また、スパムコメントや投稿リビジョンもサイズを肥大化させるため、この機会に捨ててしまうこともできます。つまり、下2つ以外はチェックをつけてしまうことができ、これでファイルサイズはかなり抑えられます。
ただし、この場合移行の手順に注意が必要です。
手作業+WP Migrationの移行方法
手作業と WP Migrationを組み合わせて移行する場合は、次の手順で行いましょう。
wp-contentを移行する
先の手順で除外した「メディアライブラリ」「テーマ」「プラグイン」などは、すべて「wp-content」フォルダーに格納されています。そのため、FTPクライアントソフトなどを使って、このフォルダーを旧サーバーから新サーバーに移行しましょう。この手順を、WP Migrarionでのインポートよりも先に必ず行います。
WP Migrationでインポートする
そしたら、WP Migrationを使ってインポートしましょう。
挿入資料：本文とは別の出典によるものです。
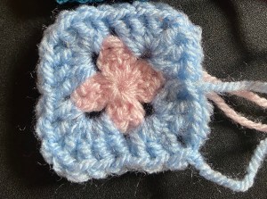 This colour way is a light blue with hints of grey flecks, it comes in 8 shades altogether, the flecks bring more apparent in some. I have really enjoyed using other James C Brett yarns, so I thought I’d give this a go.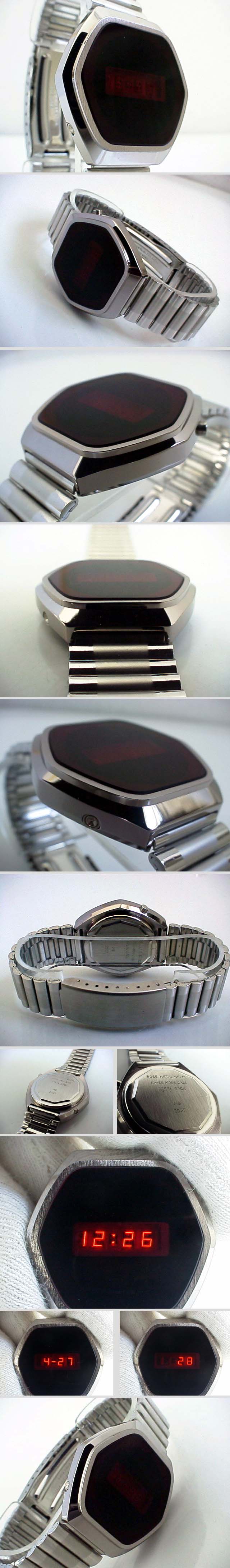 Microsonic LED Uhr Modell MS 2037 Schicke LED Uhr der amerikanischen Firma Microsonic in massivster Metallausführung. Hochglanzpolierte und gebürstete Oberflächen, Original-Edelstahlband. Hochwertiges Modul der amerikanischen Firma Hughes Aircraft. Voll funktionsfähig und ganggenau. Die hohe Genauigkeit wird hierbei durch eine mehr als 20mal höhere Schwingfrequenz von 786432 Hertz (üblich sind 32768Hz) erreicht. Module von Hughes Aircraft wurden häufig in sehr hochwertigen LED Uhren, wie Longines, Wittnauer, Bulova, Jaeger-LeCoultre und anderen renommierten Manufakturen verwendet. Neuwertigster Zustand aus unverkaufter Lagerware 70er Jahre. Microsonic LED watch in 100% NOS condition, never used, never sold! High quality module by Hughes Aircraft, 5 functions. |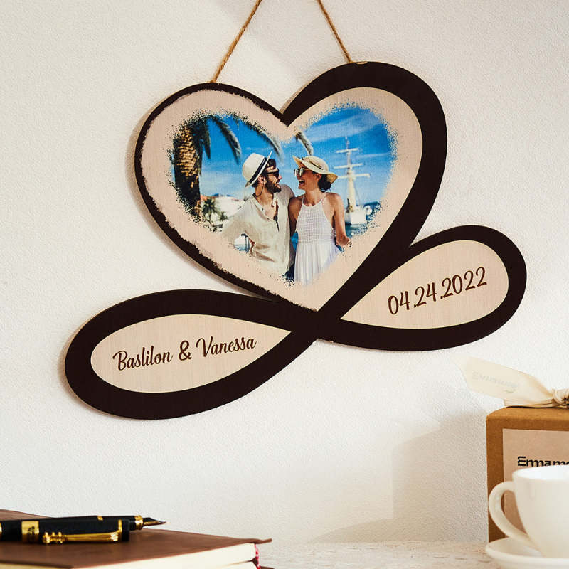 Custom Photo Engraved Pendant Infinity Heart Wooden Gifts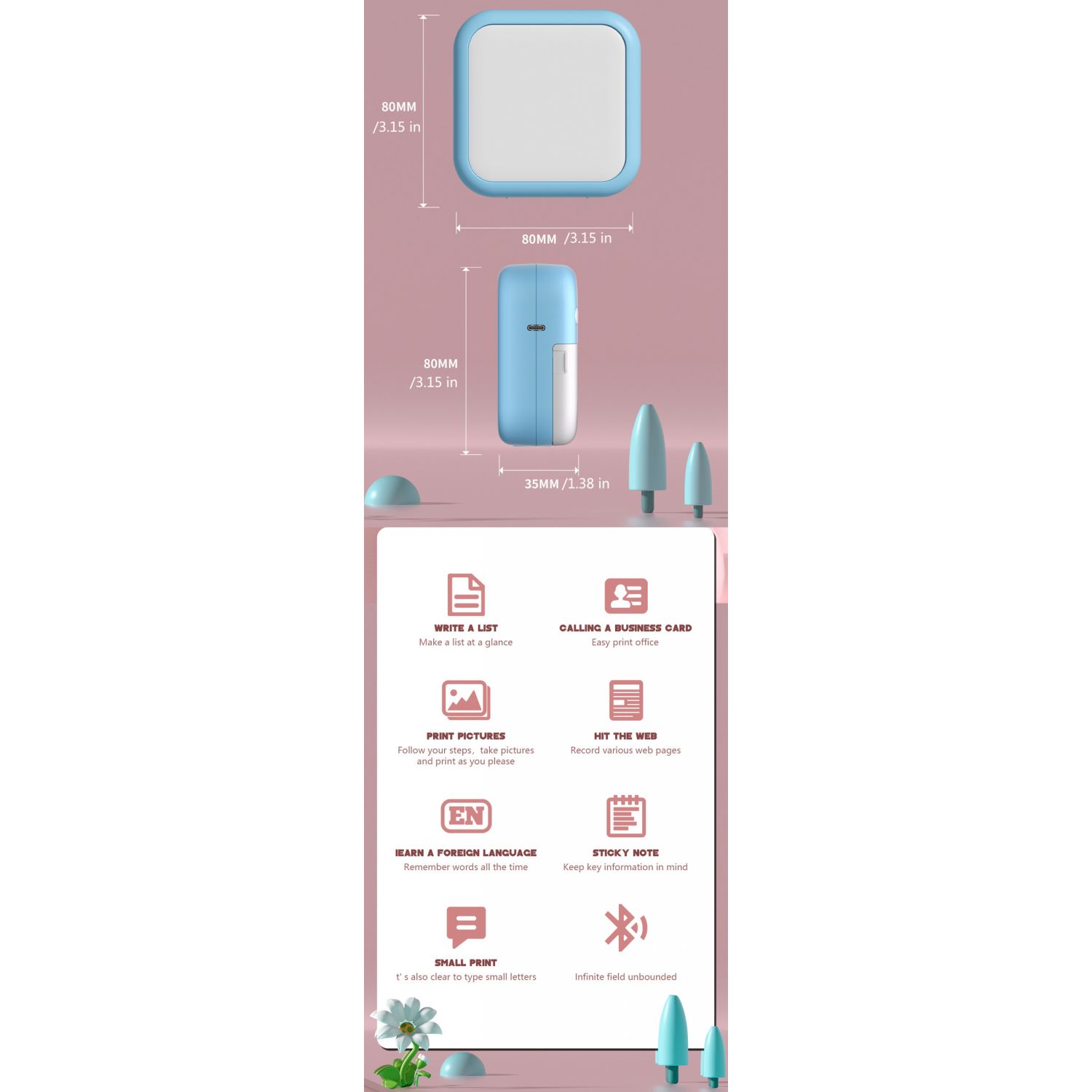 Student Mini Thermal Label Printer Pink Standard

同じく移行が完了します。
なぜ、ファイルの移行が先でなければならないかというと、WordPressは「プラグインの本体」はファイルですが、「プラグインの利用情報」はデータベースに格納されているため。
先にデータベースだけを移行してしまうと、「使っているはずのプラグイン」のファイルが存在しないため、「プラグインが存在しない」と見なして「無効化」を自動的に行ってしまいます。すると、最悪設定が消えてしまったり、ウェブサイトに不具合が出る恐れがあります。
必ず上記の手順で行うようにしましょう。
All-in-One WP Migrationは、面倒な WordPressの移行作業に欠かせないプラグインなので、是非利用していきましょう。